Seni, budaya, antik, kuno, buku, lebih-lebih yang mengandung nilai sejarah, dipelihara dengan apik oleh negara. Menjadi bukti bahwa manusia berbudaya adalah mereka yang menghargai sejarah. Kehidupan masa lampau menjadi pilar bahwa manusia yang hidup bersamanya adalah manusia beradab. Itu disadari dan dilakukan oleh bangsa Hungaria di Budapest. Tetapi tidak oleh bangsa kita, Indonesia.
Rasa nelangsa, sedih, prihatin, bercampur marah saat membaca Kompas, 6 Oktober 2013 tentang nasib benda-benda masa lampau di museum-museum di Indonesia. Museum Nasional di Jakarta, adalah contohnya. "Museumnya museum ini" dengan enteng memberitakan pencurian koleksi barang-barang bernilai sangat tinggi. Hilangnya 4 benda emas warisan Kerajaan Mataram Kuno abad 10, membuat hati galau, penasaran, tak berkesudahan.
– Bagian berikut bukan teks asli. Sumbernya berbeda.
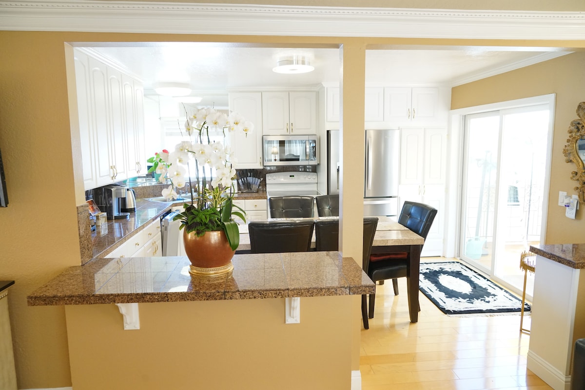 Mooie volledig ingerichte woning met prachtig uitzicht op de baai. Gelegen in het hartje Silicon Valley - op 15-20 minuten rijden van SFO. Bedden en beddengoed zijn nieuw en heel comfortabel. Keuken bevat nieuwe roestvrijstalen apparaten. Het huis ligt op loopafstand van hooggewaardeerde restaurants en winkels in het centrum en naar het Caltrain-station met service naar San Francisco en Silicon Valley. Het is de perfecte plek voor familiebezoek, zakenreis en teamretraite.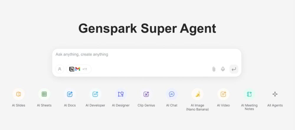 据智东西统计,仅在10月一个月内,Genspark就完成了4项大小功能的更新与迭代。此前,其产品体系已覆盖10款核心工具,包括AI Slides、AI Sheets、AI Docs、AI Browser、AI Image、AI Chat、AI Clip Genius、AI Designer、AI Developer与AI Meeting Notes。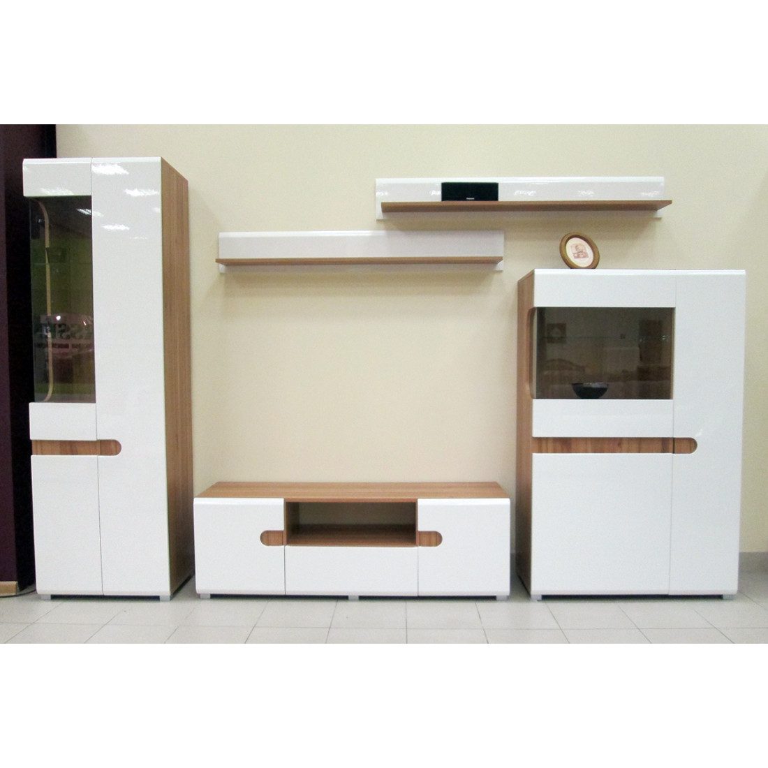 Особенности модульной мебели для гостиной Леонардо белое дерево: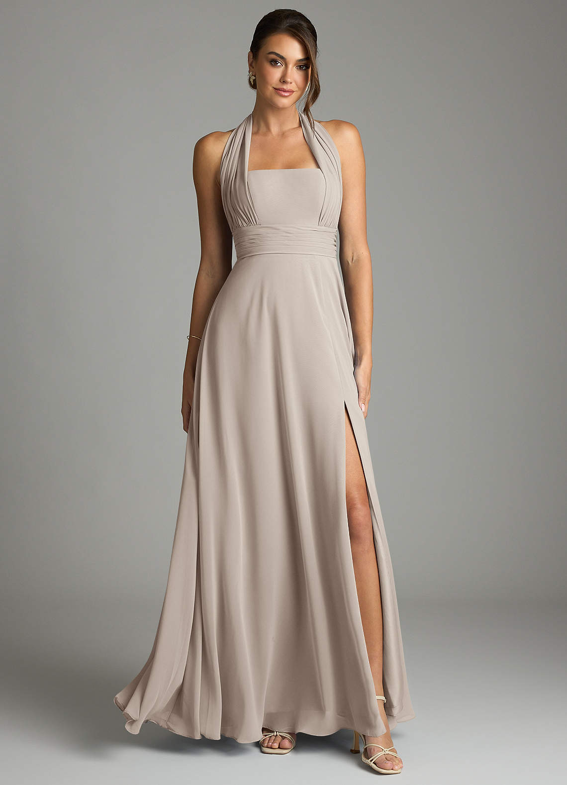 Linia A Pofałdowany Szyfon Do ziemi Sukienka

Sangat menyedihkan, karena ini bukan merupakan kejadian yang pertama. Dugaan saya, juga bukan yang terakhir. Baru 3 tahun silam, 87 koleksi emas Museum Sonobudoyo, Yogjakarta raib tak berbekas. Sampai kini, barang-barang bersejarah itu entah ada di mana. Pencurinya pun tak jelas siapa. Masih banyak cerita serupa yang hanya bisa ditangisi belaka. Perhatian negara terhadap benda-benda seperti ini nyaris tak ada. Bahkan museum tertua di Indonesia, Radya Pustaka, Solo, kini lebih dikenal sebagai "museum replika", karena barang-barang asli telah banyak yang hilang diganti tiruan.
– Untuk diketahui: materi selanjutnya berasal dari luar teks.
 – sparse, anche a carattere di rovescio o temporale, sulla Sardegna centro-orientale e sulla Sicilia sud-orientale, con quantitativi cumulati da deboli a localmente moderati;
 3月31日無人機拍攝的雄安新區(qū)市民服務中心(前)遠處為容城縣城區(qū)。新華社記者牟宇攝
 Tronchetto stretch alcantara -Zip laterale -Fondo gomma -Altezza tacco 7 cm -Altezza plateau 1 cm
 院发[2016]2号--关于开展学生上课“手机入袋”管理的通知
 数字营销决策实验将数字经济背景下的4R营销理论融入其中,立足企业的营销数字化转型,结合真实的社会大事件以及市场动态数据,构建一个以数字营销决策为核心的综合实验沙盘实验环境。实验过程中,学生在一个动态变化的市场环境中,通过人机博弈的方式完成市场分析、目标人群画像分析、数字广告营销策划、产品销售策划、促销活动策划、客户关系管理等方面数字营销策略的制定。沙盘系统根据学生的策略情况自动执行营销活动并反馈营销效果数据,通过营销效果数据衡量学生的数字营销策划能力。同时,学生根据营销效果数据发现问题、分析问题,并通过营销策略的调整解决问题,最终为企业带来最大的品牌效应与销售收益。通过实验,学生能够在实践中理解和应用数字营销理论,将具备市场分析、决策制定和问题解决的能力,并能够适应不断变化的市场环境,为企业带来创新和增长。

Nilai barang yang lenyap, di banyak museum di Indonesia, tak bisa dinilai dengan angka. Ia bernilai seni, bernilai budaya, bernilai sejarah. Ia bahkan merupakan peradaban itu sendiri. Berbeda dengan Hungaria yang sangat atentif terhadap "kehidupan" ini, bangsa Indonesia cuek bebek dalam menyikapinya. Bangunan kuno bersejarah tak terawat, terbengkelai tak terurus.  Banyak diantaranya bahkan dirobohkan diganti mall atau plaza yang menjadi traffic generator, penyebab kemacetan.
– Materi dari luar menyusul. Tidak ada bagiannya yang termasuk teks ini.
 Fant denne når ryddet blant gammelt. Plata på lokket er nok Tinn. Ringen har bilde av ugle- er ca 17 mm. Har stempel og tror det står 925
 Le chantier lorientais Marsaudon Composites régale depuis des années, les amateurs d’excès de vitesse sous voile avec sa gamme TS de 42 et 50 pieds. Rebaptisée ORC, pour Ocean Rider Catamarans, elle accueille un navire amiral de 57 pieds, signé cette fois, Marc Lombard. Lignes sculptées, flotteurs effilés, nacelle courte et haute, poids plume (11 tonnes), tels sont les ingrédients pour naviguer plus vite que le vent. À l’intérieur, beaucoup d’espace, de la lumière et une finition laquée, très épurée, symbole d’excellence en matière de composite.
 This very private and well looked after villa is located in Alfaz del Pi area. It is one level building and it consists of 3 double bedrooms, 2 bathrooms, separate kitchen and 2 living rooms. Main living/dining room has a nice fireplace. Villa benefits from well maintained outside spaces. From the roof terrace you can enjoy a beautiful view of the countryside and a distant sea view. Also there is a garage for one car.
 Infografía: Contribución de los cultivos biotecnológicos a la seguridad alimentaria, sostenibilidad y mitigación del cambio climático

"Budapest, ajarilah kami untuk menghargai barang peninggalan masa lampau. Ia akan menjadi tanda keberadaban kami sebagai suatu bangsa. Kami tertinggal jauh darimu". Demikian harapan kalbu yang terucap saat mengingat kota Budapest.   Harus diakui, kita bukan bangsa yang besar. Karena : "Bangsa yang besar adalah bangsa yang dapat menghargai sejarahnya".